Novel AAV/CRISPR Therapeutic for DLK Inhibition

Derek Welsbie, MD, PhD University of California, San Diego


Donald J. Zack, MD, PhD Johns Hopkins University


Nerve cells called retinal ganglion cells (RGCs) form the connection between the eye and the brain. In glaucoma, these nerve cells die and vision is permanently lost. We have previously shown that a protein called dual leucine zipper kinase (DLK) is critical for the death of these cells. Thus, this proposal seeks to develop a gene therapy vector that might interfere with DLK and prevent RGC death and accompanying vision loss.

Project Details

Our lab is developing gene therapy strategies to treat optic neuropathies, potentially blinding diseases of the optic nerve. They are characterized by the loss of retinal ganglion cells (RGCs), the nerve cells that transmit visual information from the retina to the brain. The most common form, glaucoma, is a leading cause of worldwide blindness. Conventional therapy for glaucoma focuses on lowering the eye pressure, but this can be challenging in some while others worsen despite aggressive pressure-lowering. Thus, our lab has been interested in developing a novel neuroprotective strategy that directly interferes with the cell death process in RGCs.

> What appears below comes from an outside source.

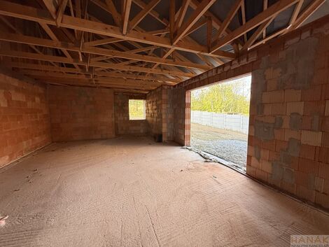 Exkluzivně nabízíme ke koupi zděnou hrubou stavbu moderního jednopodlažního rodinného domu 4+kk se zahradou v klidné části Hrušovan nad Jevišovkou. Dům je ideální volbou pro ty, kteří hledají komfortní bydlení s možností dokončení dle vlastních představ. Hlavní informace Dispozice 4+kk Pozemek: 541 m Zastavěná plocha: cca 154 m Užitná plocha: cca 129 m Zahrada: cca 387 m Vlastní parkování + předzahrádka před domem Dispozice domu: Zádveří: 7,8 m Technická místnost: 4,6 m WC: 2,7 m Koupelna: 5,7 m Spíž: 1,2 m Obývací pokoj + kuchyně: 66,9 m Ložnice: 15,4 m Pokoj: 12,4 m Pokoj: 12,4 m Velkorysý obývací prostor o rozloze téměř 67 m nabízí pohodlí a díky velkým francouzským oknům i dostatek světla a přímý vstup na terasu se zahradou. Vlastní pokoje jsou přístupné přímo z centrálního obývacího pokoje a hlavní ložnice je navržena rovněž s francouzským oknem s přímým vstupem na terasu a zahradu. Výhled z domu na Pálavu či světlo zapadajícího slunce na dům nebo zahradu jsou příslibem nezapomenutelných okamžiků, které zde můžete prožít se svou rodinou. Konstrukční provedení: Dům je založen na betonových základových pasech. Obvodové zdivo i příčky jsou provedeny z keramických cihelných bloků Heluz, což zaručuje kvalitní a dlouhodobě spolehlivou konstrukci. Střecha z keramické krytiny. Součástí projektu je také venkovní terasa orientovaná do zahrady. Lokalita: Nemovitost je situována v nové, žádané části Hrušovan nad Jevišovkou. Místo nabízí výbornou občanskou vybavenost, sousedství nových domů a rychlý přístup k přírodě. Perfektní volba pro rodiny i pro ty, kdo hledají pohodové a moderní bydlení. <a href="https://www.eurobydleni.cz/domy/rodinny-dum/karvina/obec-dolni-lutyne/prodej/"><strong>Prodej rodinného domu Dolní Lutyně</strong></a>

To do this, we have screened through all of the genes in RGCs to identify those whose inhibition is the most effective at promoting RGC survival. This work led to the identification of dual leucine zipper kinase (DLK) as a key mediator of RGC cell death, and an exciting potential target for glaucoma neuroprotection. In this proposal, we are using a new technology called CRISPR editing to target DLK and prevent RGC cell death. In the first part of our study, we will validate that we can successfully target DLK in a rodent and that the strategy is effective at inhibiting DLK function. We will also test the safety of such an approach. In the second half of the study, we will test whether our gene therapy vector is effective at halting the progression of an optic neuropathy in rodents.

While CRISPR technology has the potential to revolutionize medicine, there are some limitations with respect to delivering this gene-editing machinery to cells. This work is based on a technology that solves some of these limitations. If successful, this would springboard the clinical development of this technology for glaucoma neuroprotection and potentially other diseases amenable to CRISPR-editing.